Web scraping with a VPN and how not get account blocked

I wrote a bot in nodejs that makes a request and gets a json as a response. It started as a webscraper using puppeteer but later I realized I could just make a fetch request and get the data that I needed, besides chrome uses too many resources and could only get 4 instances running at the same time in this old pc that I’m using as a server.

I was using surfshark as a VPN and I had the script containerized with docker, so each container would connect to a different vpn, make 10 requests and then connect to a different server. The response has an Age header that resets every 30 seconds so the script waits accordingly in order to get a fresh response each time before connecting to a different server.

The thing is surfshark blocked my account because they don’t allow webscraping. I was kind of greedy I guess because I had 24 containers running, each one connected to a different location and rotating all day between servers.

I thought about using proxies but most of the companies block the domain that I’m fetching the data from, so I’m going to try with another vpn.

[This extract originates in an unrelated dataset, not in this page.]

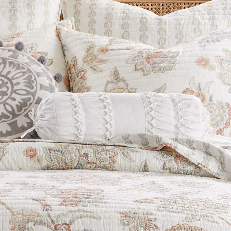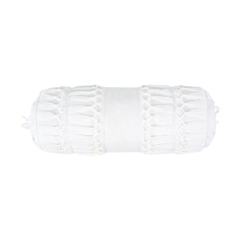 The Neckroll decorative pillow matches perfectly with the Levtex Home Selesta Blush bedding collection. This pillow is sized at 7in. X 18in. and features intricately detailed tassel trim appliques that create dimensional borders on this gorgeous white neckroll. The white color palette makes this a versatile accessory for your bed, couch or favorite chair. The pillow comes pre-filled with a soft, luxurious polyester inner.

I’m using Cyberghost since they allow to download the openvpn config files and that way I can connect to a vpn programmatically, but I don’t want to have my account blocked so I need a way to somehow mimmic an actual person using the vpn.

Does anyone knows how I could try and fake traffic to make it look like it isn’t a bot using the vpn ?
Any advice on how to not get blocked by the vpn is greatly appreciated :folded_hands:t2:.

You’re probably blowing through some rate-limiter. If you don’t want to be blocked for acting like a bot, you could stop egregiously behaving like a bot :woman_shrugging:

Most VPN services are using advanced techniques to detect scraping so you don’t get their entire VPN subnet blacklisted by popular sites. You are screwing other VPN users and blatantly breaking their TOS with super aggressive scrapers, so obviously they are going to detect that and ban you.

Can you recommend any resource where we can get the latest and greatest advice on webscraping such as modifying the behaviour for less aggressive webscraping?

:money_bag: Welcome to r/webscraping! Referencing paid products or services is not permitted, and your post has been removed. Please take a moment to review the promotion guide. You may also wish to re-submit your post to the monthly thread.

Highly depends on the site you are targeting.

In general: the more you act like a real human with a real browser the better.

  • take care of all the right headers (have a good look at all requests in the browser console)
  • dont fire too many requests at once (no exact science, start low and increase until you hit a wall. 0.5-1/sec is usually a good starting point)

These two will get you quite far.